Sahin Durmuş Yıldıray, Gür Mustafa, Elbasan Zafer, Yıldız Ali, Kaya Zekeriya, Içen Yahya Kemal, Kıvrak Ali, Türkoğlu Caner, Yılmaz Remzi, Caylı Murat
Adana Numune Education and Research Hospital, Department of Cardiology, Adana;
Exp Clin Cardiol. 2013 Spring;18(2):e77-81.
Patients with ST-segment elevation myocardial infarction (STEMI) and a patent infarct-related artery (IRA) experience lower mortality and better clinical outcome, but little is known about the predictors of IRA patency before primary percutaneous coronary intervention (PCI) in the setting of STEMI.
To assess possible predictors of patency of IRA before primary PCI in patients with STEMI.
A total of 880 patients with STEMI undergoing primary PCI were prospectively included (646 male, 234 female; mean [± SD] age 58.5±12.4 years). Blood samples were obtained on admission to investigate biochemical markers. Preinterventional thrombolysis in myocardial infarction (TIMI) flow was assessed in all patients. The patients were divided into two groups according to the pre-PCI TIMI flow as impaired flow group (TIMI flow 0, 1 and 2) and normal flow group (TIMI flow 3). Transthoracic echocardiography was performed in all patients.
Eighty-three (9.43%) patients had pre-PCI TIMI 3 flow in IRA. Uric acid levels and neutrophil to lymphocyte (N to L) ratio in the normal flow group were lower than in the impaired flow group (P<0.001 for both). However, ejection fraction (EF) was higher in the normal flow group than in the impaired flow group. Multivariate logistic regression analysis showed that IRA patency was independently associated with serum uric acid level (β 0.673 [95% CI 0.548 to 0.826]; P<0.001), N to L ratio (β 0.783 [95% CI 0.683 to 0.897]; P<0.001) and EF (β 1.033 [95% CI 1.006 to 1.061]; P=0.016).

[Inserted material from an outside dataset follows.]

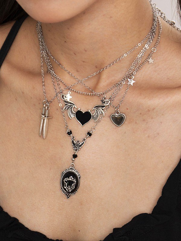 5-teiliges Punk-Halsketten-Set mit gemischten Anhängern

Serum uric acid level, N to L ratio and EF are independent predictors of the pre-PCI patency of IRA in patients with STEMI undergoing primary PCI.

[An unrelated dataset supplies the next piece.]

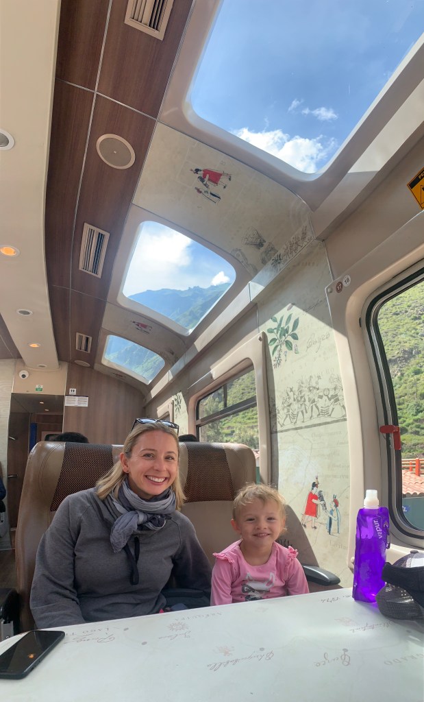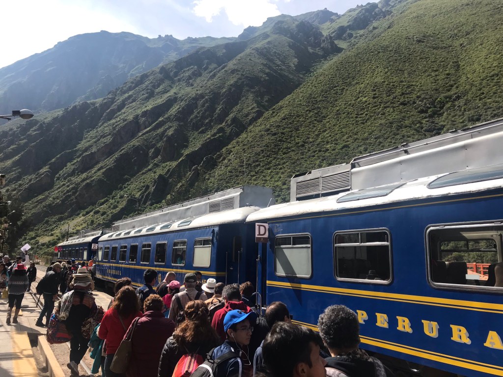 We had booked our train and entry tickets a few weeks in advance, so we had to keep to schedule. It was a risk, as at this time of year, during the rainy season, it was quite likely that it would not just be raining while we were there, but that visibility would be so bad we wouldn’t see the famous site at all. We were lucky: it was a sunny day and the timings worked out perfectly. After a nourishing breakfast at Apu Lodge, we walked to the train station to catch the 9.15am Peru Rail 360° train.

ST段抬高型心肌梗死(STEMI)且梗死相关动脉(IRA)通畅的患者死亡率较低,临床结局较好,但对于STEMI患者在接受直接经皮冠状动脉介入治疗(PCI)前IRA通畅的预测因素知之甚少。
评估STEMI患者在接受直接PCI前IRA通畅的可能预测因素。
前瞻性纳入880例接受直接PCI的STEMI患者(男性646例,女性234例;平均年龄[±标准差]58.5±12.4岁)。入院时采集血样以检测生化标志物。对所有患者进行介入前心肌梗死溶栓(TIMI)血流评估。根据PCI前TIMI血流情况将患者分为两组,即血流受损组(TIMI血流0、1和2级)和正常血流组(TIMI血流3级)。对所有患者进行经胸超声心动图检查。
83例(9.43%)患者的IRA在PCI前为TIMI 3级血流。正常血流组的尿酸水平和中性粒细胞与淋巴细胞(N/L)比值低于血流受损组(两者P<0.001)。然而,正常血流组的射血分数(EF)高于血流受损组。多因素逻辑回归分析显示,IRA通畅与血清尿酸水平(β0.673[95%可信区间0.548至0.826];P<0.001)、N/L比值(β0.783[95%可信区间0.683至0.897];P<0.001)和EF(β1.033[95%可信区间1.006至1.061];P=0.016)独立相关。
血清尿酸水平、N/L比值和EF是接受直接PCI的STEMI患者PCI前IRA通畅的独立预测因素。